Fragile X syndrome is a genetic condition that impacts an individual’s development and learning abilities. It is a common inherited cause of intellectual disability and is also linked to features of autism spectrum disorder. The condition affects approximately 1 in 3,600 boys and between 1 in 4,000 to 6,000 girls, although symptom severity can vary widely.
Understanding the Gene Behind Fragile X
Fragile X syndrome results from a change in the FMR1 gene, located on the X chromosome. This gene is responsible for producing a protein called FMRP, which plays a role in the normal functioning of the brain and the development of specialized connections between nerve cells called synapses. When the FMR1 gene is altered, it cannot produce enough FMRP, leading to the signs and symptoms of Fragile X syndrome.
The alteration in the FMR1 gene involves a repeating DNA segment called the CGG triplet repeat. A normal FMR1 gene has 5 to 44 CGG repeats. Individuals with 45 to 54 repeats have an “intermediate” or “gray zone” allele, which does not cause Fragile X syndrome or related disorders.
A “premutation” occurs when there are 55 to 200 CGG repeats. People with a premutation do not have Fragile X syndrome, though they may experience subtle symptoms. When the CGG segment expands to more than 200 repeats, it is considered a “full mutation,” leading to Fragile X syndrome because the gene is turned off.
How Fragile X is Passed Through Generations
Fragile X syndrome follows an X-linked dominant inheritance pattern. The FMR1 gene is located on the X chromosome. Females have two X chromosomes, while males have one X and one Y chromosome. This difference explains why males are often more severely affected than females, as they only have one copy of the FMR1 gene.
When a woman carries a premutation in one of her FMR1 genes, she has a 50% chance of passing on either the premutation or a full mutation to each child. The number of CGG repeats in her egg cells can increase from the premutation range to the full mutation range. The larger her premutation, the higher the likelihood her child will inherit a full mutation and thus Fragile X syndrome.

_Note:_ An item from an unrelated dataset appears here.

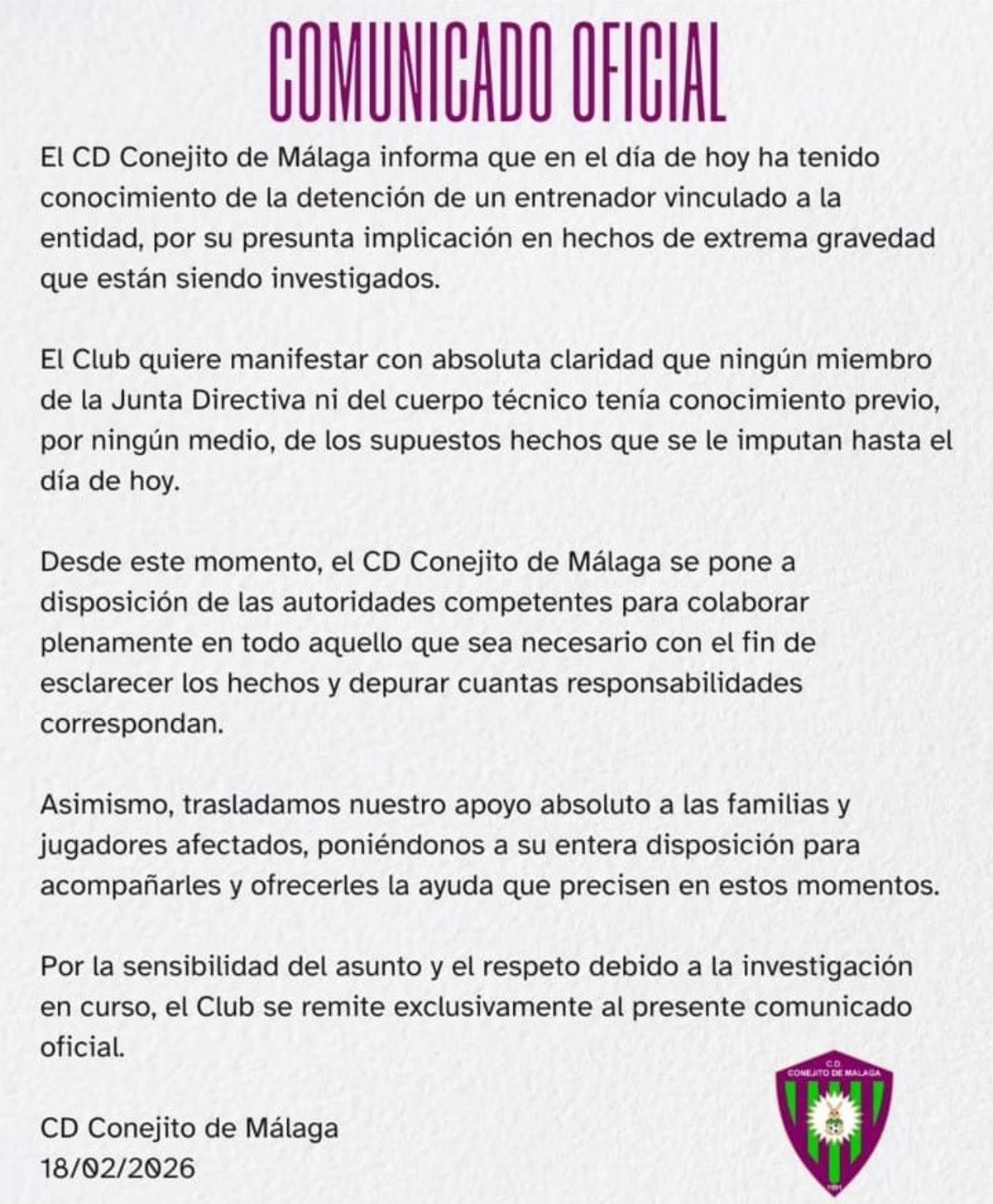 El CD Conejito de Málaga expresa su respeto a la investigación en curso y también muestra su apoyo a las familias y jugadores afectados, poniéndose a disposición de los mismos para acompañarles y ofrecerles la ayuda que precisen.

A man with a premutation will pass his premutation to all of his daughters, as they inherit his only X chromosome. However, the premutation in men does not expand to a full mutation when passed to the next generation. Sons of a male premutation carrier will not inherit the premutation because they receive their father’s Y chromosome.
A phenomenon called “anticipation” is observed in Fragile X inheritance, where symptoms can become more severe and appear at an earlier age in successive generations. This occurs because the unstable CGG repeat can expand further as it is passed down, particularly from mother to child. A mother with a premutation might have a child with a full mutation, even if she herself does not have Fragile X syndrome.

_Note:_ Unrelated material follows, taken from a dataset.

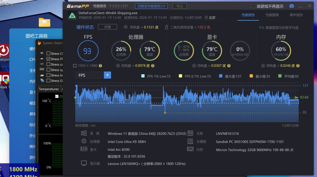 近期爆火的《三角洲行动》在1080P中等画质大坝跑刀1小时也有93帧的平均帧数。

Beyond Fragile X Syndrome: Related Conditions
The FMR1 premutation can lead to conditions distinct from Fragile X Syndrome, primarily affecting carriers. Fragile X-associated Tremor/Ataxia Syndrome (FXTAS) is a late-onset neurodegenerative disorder predominantly observed in male premutation carriers after age 50. Features of FXTAS include problems with movement, such as cerebellar gait ataxia (uncoordinated walking) and intention tremor (shaking during voluntary movements). Other symptoms can include parkinsonism, cognitive decline, and issues with the autonomic nervous system.
Another condition linked to the FMR1 premutation is Fragile X-associated Primary Ovarian Insufficiency (FXPOI), which affects women. FXPOI involves reduced ovarian function, leading to irregular menstrual cycles, early menopause, and infertility. Approximately 20% to 30% of women with the Fragile X premutation develop FXPOI, compared to about 1% in the general population.

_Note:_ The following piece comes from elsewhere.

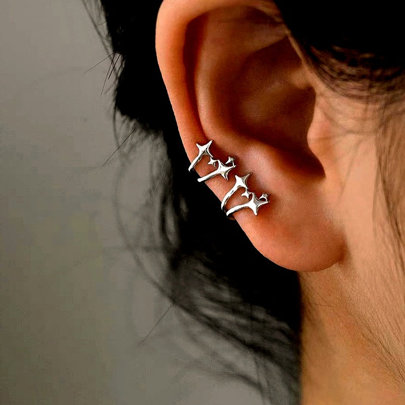 14K Gold-plated Double Layer Star Ear Clips ( 1 Pair )

Symptoms of FXPOI can include hot flashes, night sweats, trouble sleeping, mood swings, and vaginal dryness, similar to those experienced during menopause. Women with FXPOI undergo menopause about five years earlier than women without the premutation. While both FXTAS and FXPOI are caused by the FMR1 premutation, the underlying biological mechanisms differ from those causing Fragile X Syndrome.
Genetic Counseling and Testing for Families
Genetic testing for the FMR1 gene is available and can diagnose Fragile X syndrome and identify carriers. This testing can be performed at any age, including prenatally. It is often considered for individuals with developmental delay, intellectual disability, or a family history of Fragile X syndrome or unexplained intellectual disabilities.
Genetic counselors play a significant role in assisting families affected by Fragile X. They interpret test results, explain complex inheritance patterns, and discuss the risks of transmission. Counselors also provide information about reproductive options and offer support, helping families navigate the implications of a Fragile X diagnosis.